Keywords: Gastrointestinal duplication cyst, Ultrasound, Gut signature, Duplicazione digestiva cistica, Ecografia, Segno dell’intestino
Riassunto
La duplicazione digestiva è una rara anomalia congenita che può essere localizzata in ogni tratto del canale digestivo, dalla base della lingua all’ano. Si riconoscono più comunemente nel piccolo intestino e circa la metà sono a localizzazione ileale. Comunicano solo raramente con il lume intestinale spesso stabilendo intimo contatto con il canale alimentare adiacente con condivisione di parete. Può mostrare forma cistica o tubolare e tipicamente mostra la stessa struttura delle viscere normale adiacente. Di solito è asintomatica e le complicanze sono rare ma possono includere occlusione da volvolo o da invaginazione, emorragie, infezioni, e perforazione. Quando diagnosticata, questa lesione deve essere asportata chirurgicamente per evitare in futuro possibili complicazioni. Gli Autori presentano un caso di duplicazione di tipo cistico dell’ileo terminale e le sue caratteristiche ecografiche osservate in una infante di 12 mesi giunta alla nostra attenzione con dolore addominale acuto ed occlusione intestinale, che ha richiesto successivo intervento chirurgico in regime di urgenza.
Introduction
Intestinal duplications are rare congenital anomalies that can occur anywhere in the gastrointestinal tract. Duplication cysts most commonly occur in the distal ileum followed by the esophagus, colon, jejunum, stomach and duodenum. Typically, the duplication cyst is attached to the gastrointestinal tract, has smooth muscle in its wall and is lined with gastrointestinal epithelium [1, 2].

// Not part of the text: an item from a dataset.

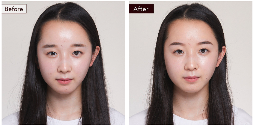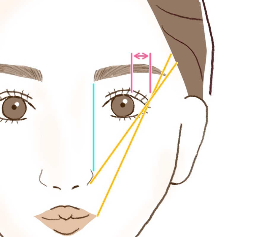 顔は、眉頭から眉山が正面として認識されます。眉頭から眉山への距離が長いとやや大きめの顔、短いとパーツが中心に集まったような顔に捉えられます。
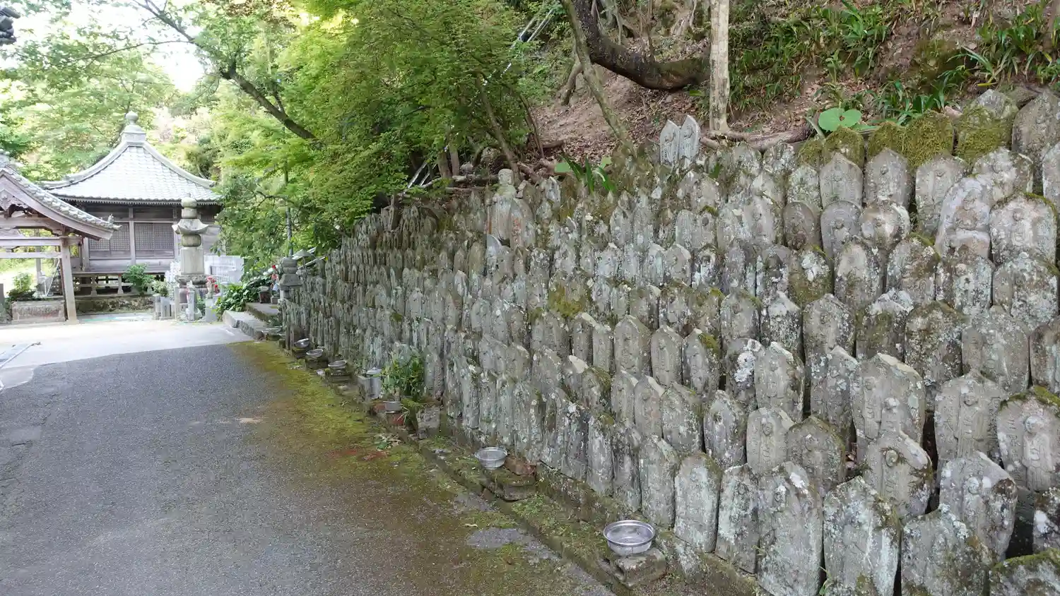 山門裏から本堂へ向かう階段が伸び、石仏が…

The authors present a case of enteric cystic duplication and its ultrasound appearance in a 12-month-old Caucasian, female infant. The cystic duplication is the cause of her acute abdominal pain and intestinal obstruction, prompting the need for urgent surgery.
Description of the case
A 12-month-old, Caucasian, female infant was admitted to the Pediatric Emergency Department with palpable swelling of the abdomen in the right paramedian side and a clinical picture of abdominal pain and bowel obstruction. The clinical examination revealed pain and tenderness around the periumbilical right paramedian area and a semi-mobile palpable mass in the lower abdomen. The infant presented as a healthy baby with timely achievement of the appropriate neurodevelopmental milestones and no significant medical history. She was referred to the Emergency Radiology Department for an ultrasound of the abdomen. The ultrasound (US) examination was performed with high frequency (10–15 MHz) linear probes (Logiq E9 GE) at the virtual convex setting typically adopted for infant patients. The US examination revealed that, over the bladder on the median/right paramedian side, there was a hypo-anechoic, round mass with contextual particulate matter and slightly thickened walls with a layered appearance: the so-called “gut signature.” The mass measured 60 × 38 mm in diameter and appeared to be strongly adherent to the last ileal loop, causing compressive phenomena on the digestive structure (Fig. 1). Given its location and ultrasound characteristics, the diagnosis deposed to the cystic duplication of the terminal ileum. The operating table subsequently obtained a confirmation of this (Fig. 2). The patient is continuing to do well and is currently undergoing outpatient follow-up with our pediatric surgeons.
Fig. 1.
High linear (10–15) MHz frequency probes with virtual convex setting. The cystic mass (C) measures 60 by 38 mm in diameter. Portions of the cyst wall show the characteristic double-layered appearance with echogenic mucosa internally (arrows) and hypoechoic muscle externally
Fig. 2.
The surgical specimen shows the enteric duplication cyst
Discussion
The term “digestive duplications” refers to cystic or tubular formations in intimate contact with the various segments of the alimentary canal. They can be located anywhere between the base of the tongue and the anus. In 1937, Ladd et al. proposed the term “intestinal duplication” in an attempt to bring together under one condition all the previously used definitions, including “enterogenous cysts,” “enteric cysts,” “dual ileus,” “giant diverticula” and “abnormal Meckel’s diverticula” [3].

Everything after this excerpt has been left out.